Question

How do you prove $\arcsin x + \arccos x = \dfrac{\pi }{2}$.

Answer 1

Hint: In order to prove the above statement, we have to first assume that $si{n^{ - 1}}x = \theta $, so by this we can write $x = \sin \theta $ and now using the rule of trigonometry that $\sin \theta = \cos \left( {\dfrac{\pi }{2} - \theta } \right)$ which also says $x = \cos \left( {\dfrac{\pi }{2} - \theta } \right)$. By using this result, take the inverse of cosine on both sides of the equation and replace the values of $\theta = {\sin ^{ - 1}}x$ to get your desired result.

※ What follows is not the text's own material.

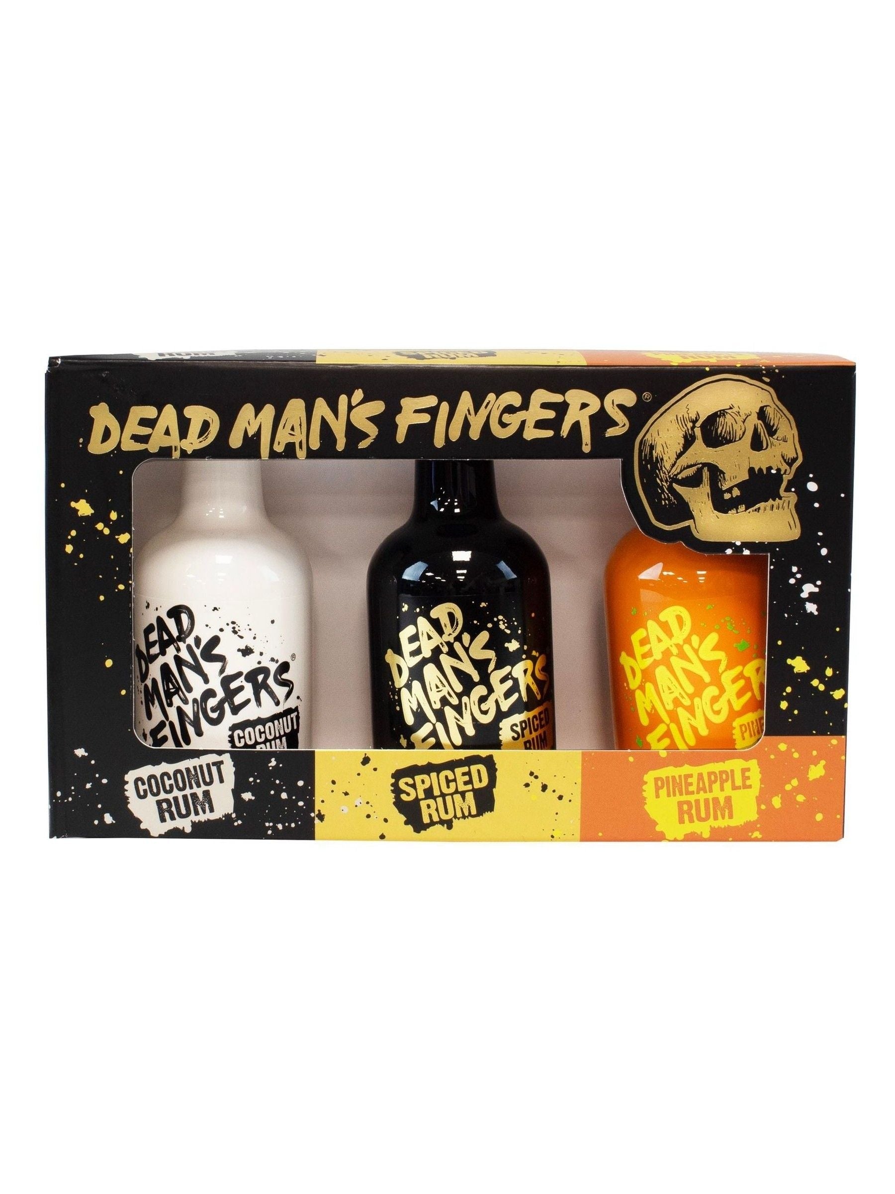 Coffret cadeau de rhum premium miniatures de 5 cl : 1 x Dead Man's Finger Spiced Rum 37,5 % ABV, 1 x Dead Man's Finger Mango Rum 37,5 % ABV, 1 x Dead Man's Finger Cherry Rum 37,5 % ABV.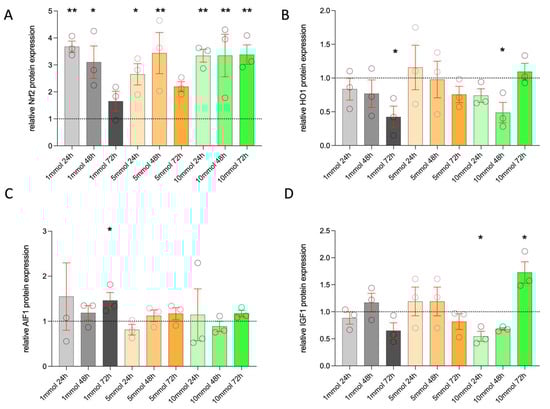 ELISA quantification of Nrf2 (A), HO-1 (B), AIF1 (C), and IGF-1 (D) of stimulated hMGECs. The raw data were normalized relative to the expression of the control (relative to control = 1, above 1 mean upregulated, below 1 means downregulated), statistic is the mean +/− SEM relative to the mean of the control (n = 3); * p < 0.05, ** p < 0.01 One-Way ANOVA (Kruskal–Wallis with Dunn’s test (uncorrected)).

Complete step by step answer:
To Prove : $\arcsin x + \arccos x = \dfrac{\pi }{2}$ or $si{n^{ - 1}}x + co{s^{ - 1}}x = \dfrac{\pi }{2}$
Proof:
Let assume $si{n^{ - 1}}x = \theta $, ------(1)
Since we know that $x = \sin \theta = \cos \left( {\dfrac{\pi }{2} - \theta } \right)$
We can say that
$
\Rightarrow x = \cos \left( {\dfrac{\pi }{2} - \theta } \right) \\
   \Rightarrow {\cos ^{ - 1}}x = \left( {\dfrac{\pi }{2} - \theta } \right) \\
 $
Substituting value of $\theta $from what we have assumed in (1)
\[
   \Rightarrow {\cos ^{ - 1}}x = \dfrac{\pi }{2} - {\sin ^{ - 1}}x \\
   \Rightarrow {\sin ^{ - 1}}x + {\cos ^{ - 1}}x = \dfrac{\pi }{2} \\
 \]
Therefore LHS = RHS. Hence, Proved.

Additional information:
1. Periodic Function = A function $f(x)$ is said to be a periodic function if there exists a real number T > 0 such that $f(x + T) = f(x)$ for all x.
If T is the smallest positive real number such that $f(x + T) = f(x)$ for all x, then T is called the fundamental period of $f(x)$ .
Since $\sin \,(2n\pi + \theta ) = \sin \theta $ for all values of $\theta $ and n$ \in $N.
2. Even Function – A function $f(x)$ is said to be an even function, if $f( - x) = f(x)$ for all x in its domain.
Odd Function – A function $f(x)$ is said to be an even function, if $f( - x) = - f(x)$ for all x in its domain.
We know that $\sin ( - \theta ) = - \sin \theta .\cos ( - \theta ) = \cos \theta \,and\,\tan ( - \theta ) = - \tan \theta $
Therefore, $\sin \theta $ and $\tan \theta $ and their reciprocals, $\cos ec\theta $ and $\cot \theta $ are odd functions whereas \[\cos \theta \] and its reciprocal \[\sec \theta \] are even functions.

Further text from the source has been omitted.